Large scale simultaneous SNP selection is a statistically and computationally very challenging task. To this end, we have introduced here a novel algorithm based on CAR score regression that can be applied effectively in high dimensions. Subsequently, in a comparison study we have investigated five multivariate regression-based SNP selection approaches with regard to their ability to correctly recover causal SNPs and corresponding SNP rankings.

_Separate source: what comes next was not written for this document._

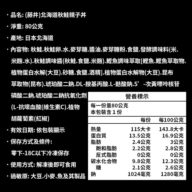 .商品名稱:北海道|親子丼|鮭魚卵 × 鮭魚片|80g盒|4盒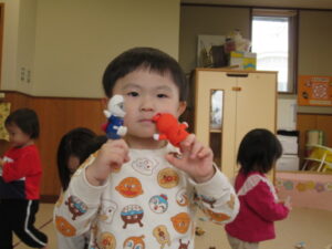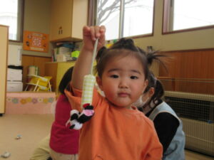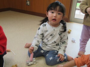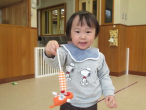 この日は、大好きなキャラクターや動物のマスコットを釣って遊びました。指先に神経を集中させて、狙ったマスコットを釣り上げます!最初はなかなかうまく釣り上げることができなかったひよこ組さんたちですが、コツをつかむと上手に釣り上げ、笑顔&ドヤ顔😊楽しい釣り遊びになりました。

As overall best method we recommend using CAR scores since this method was the only approach not only consistently outperforming the competing other multivariate SNP selection procedures in terms of identified true positives but also the only approach uniformly improving over simple univariate ranking by marginal correlation. In addition we have shown that CAR scores also are successful in detecting rare variants which recently have been recognize to be important indicators for human disease [29,30].

Competing interests

The authors declare that they have no competing interests.

Authors’ contributions

VZ, PDS, and KS jointly developed the algorithm. VZ performed the analyzes. VZ and KS wrote the manuscript. All authors read and approved the manuscript.